Data for this task >>
BEGIN
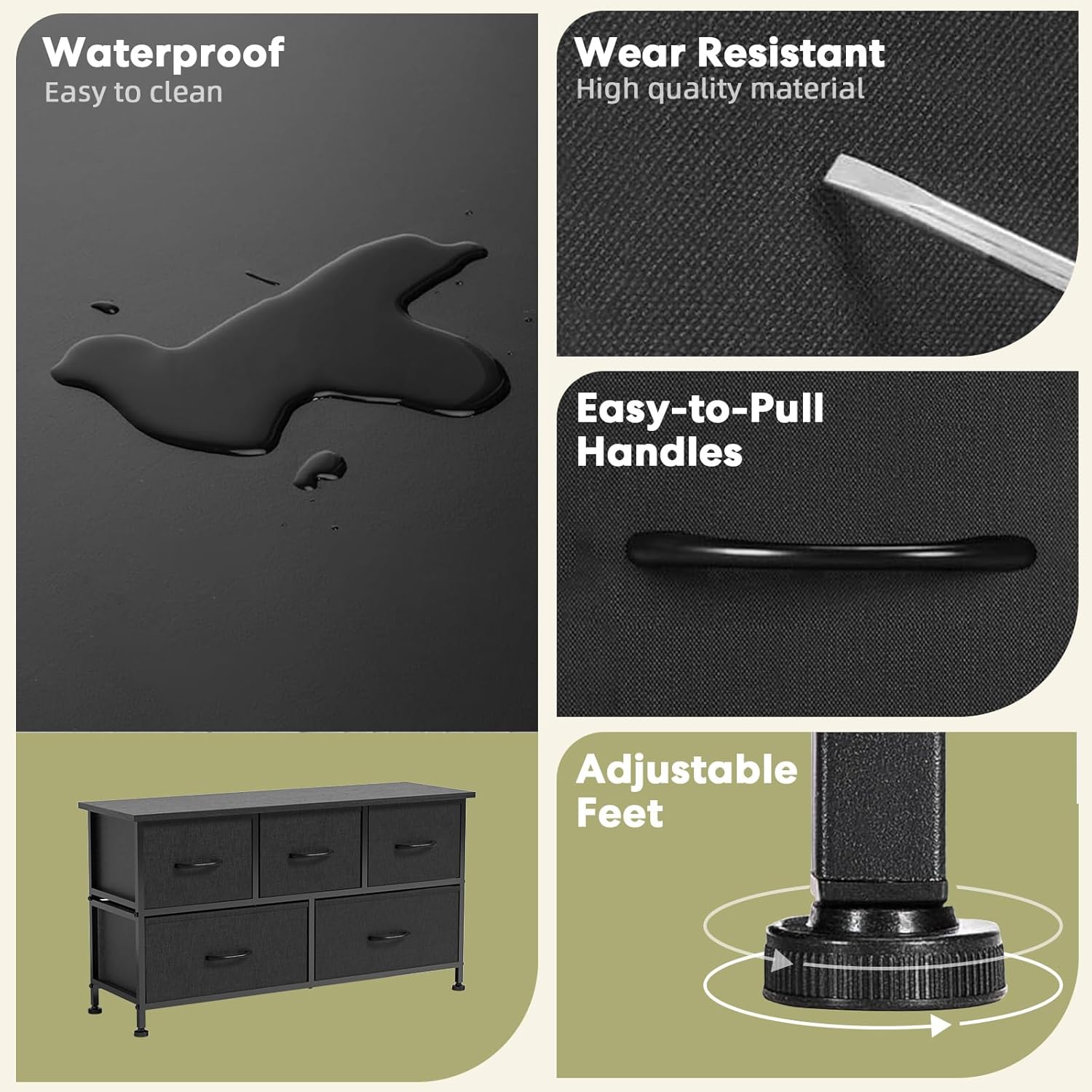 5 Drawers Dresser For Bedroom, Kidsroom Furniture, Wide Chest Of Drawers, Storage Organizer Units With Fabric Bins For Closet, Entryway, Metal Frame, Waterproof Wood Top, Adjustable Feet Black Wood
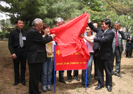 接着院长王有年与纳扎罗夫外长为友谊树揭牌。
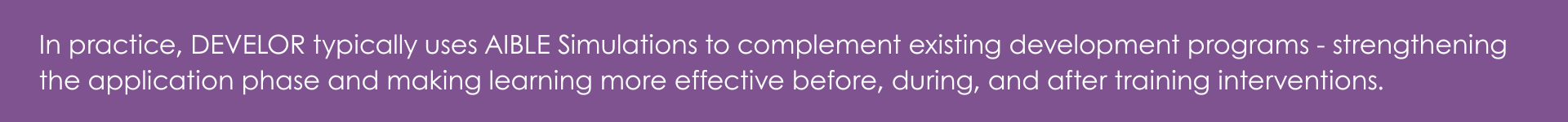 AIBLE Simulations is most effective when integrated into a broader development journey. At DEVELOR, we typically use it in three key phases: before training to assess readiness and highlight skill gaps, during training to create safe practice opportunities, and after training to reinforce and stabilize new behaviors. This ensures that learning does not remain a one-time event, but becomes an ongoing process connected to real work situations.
END
BEGIN
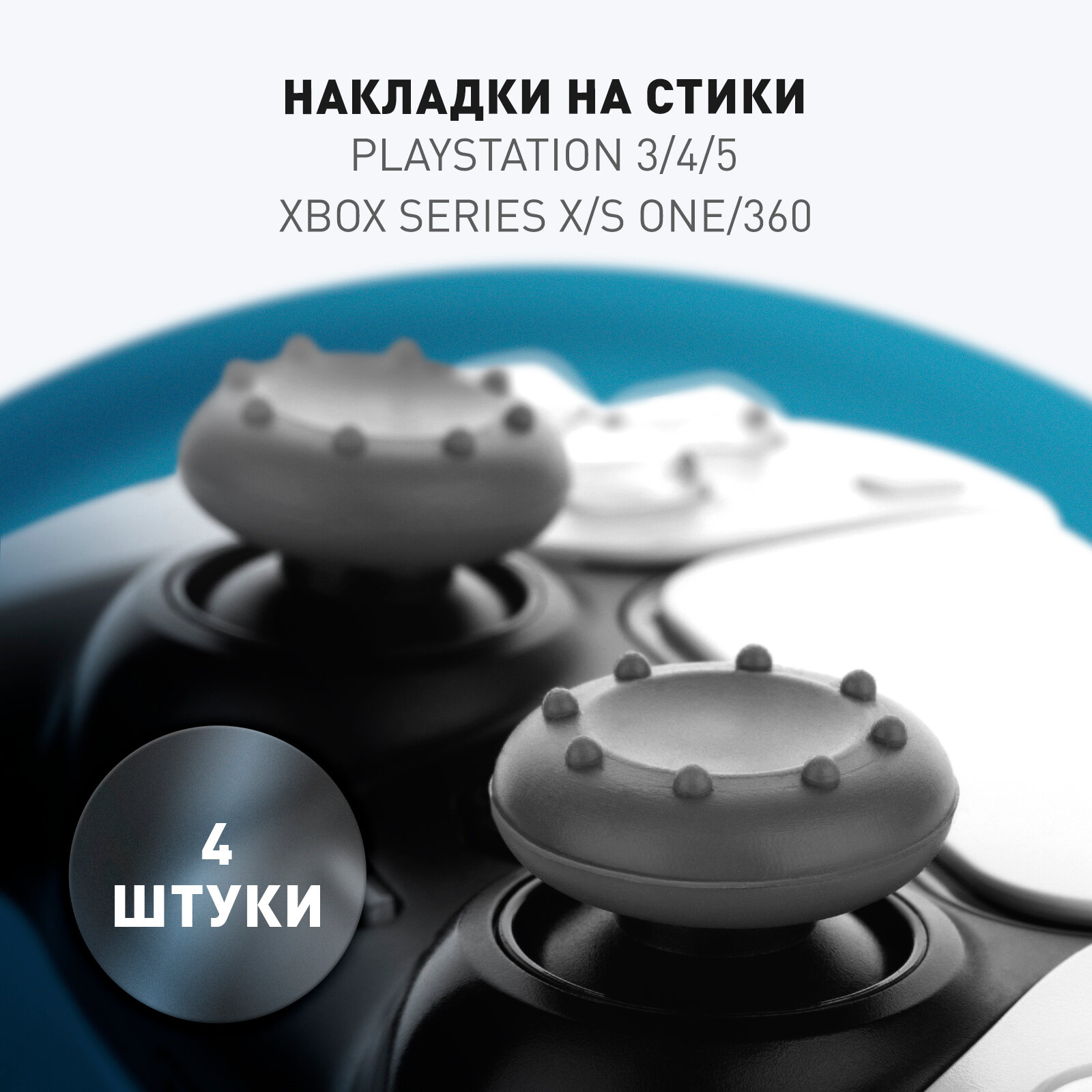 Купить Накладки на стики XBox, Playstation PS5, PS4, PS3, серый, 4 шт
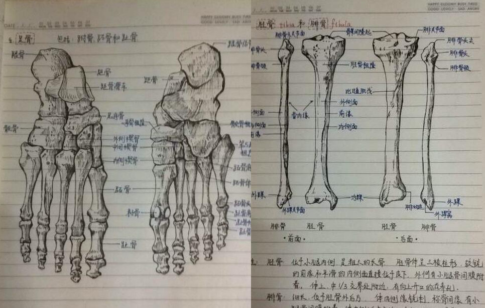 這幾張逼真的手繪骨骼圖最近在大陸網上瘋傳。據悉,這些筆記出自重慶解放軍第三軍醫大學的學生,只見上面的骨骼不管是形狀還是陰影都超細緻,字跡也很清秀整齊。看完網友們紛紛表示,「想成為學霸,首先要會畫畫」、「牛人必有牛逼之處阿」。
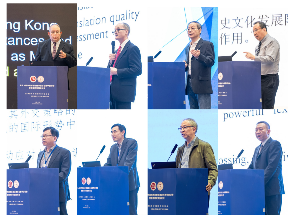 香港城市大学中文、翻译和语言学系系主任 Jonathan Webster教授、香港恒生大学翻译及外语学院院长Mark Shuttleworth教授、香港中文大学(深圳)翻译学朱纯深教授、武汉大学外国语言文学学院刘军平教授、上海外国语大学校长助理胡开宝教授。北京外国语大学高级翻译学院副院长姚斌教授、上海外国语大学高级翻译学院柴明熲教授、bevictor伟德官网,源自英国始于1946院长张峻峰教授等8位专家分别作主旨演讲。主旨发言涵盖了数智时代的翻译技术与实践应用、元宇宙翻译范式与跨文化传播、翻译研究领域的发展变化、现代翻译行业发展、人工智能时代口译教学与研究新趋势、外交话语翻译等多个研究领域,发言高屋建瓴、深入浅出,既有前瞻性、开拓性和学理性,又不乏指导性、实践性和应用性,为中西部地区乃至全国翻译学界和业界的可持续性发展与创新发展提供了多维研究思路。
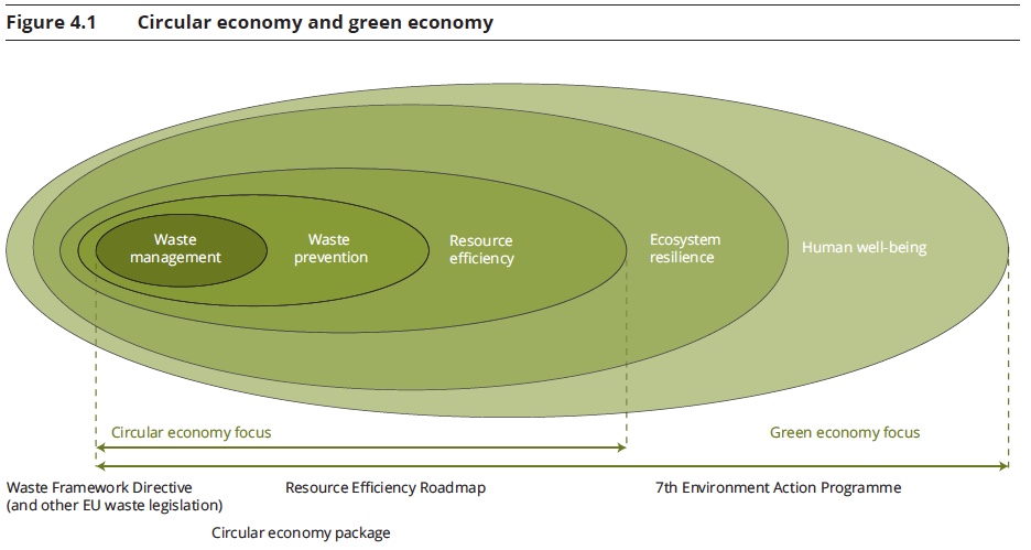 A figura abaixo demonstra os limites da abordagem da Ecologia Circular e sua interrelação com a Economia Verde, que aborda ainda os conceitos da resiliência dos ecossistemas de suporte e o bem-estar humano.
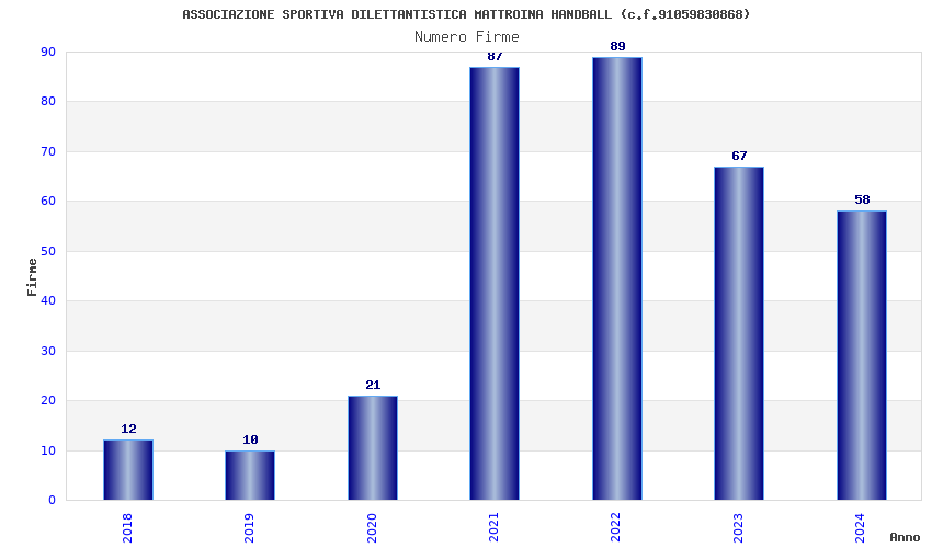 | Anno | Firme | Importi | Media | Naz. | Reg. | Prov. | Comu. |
END
Exercise prompt >>
Could you repeat, exactly, only the lines above starting at the one that has "A figura abaixo" and stopping after the one that has "Prov. | Comu. |", without the pictures?

Written solution >>
 A figura abaixo demonstra os limites da abordagem da Ecologia Circular e sua interrelação com a Economia Verde, que aborda ainda os conceitos da resiliência dos ecossistemas de suporte e o bem-estar humano.
 | Anno | Firme | Importi | Media | Naz. | Reg. | Prov. | Comu. |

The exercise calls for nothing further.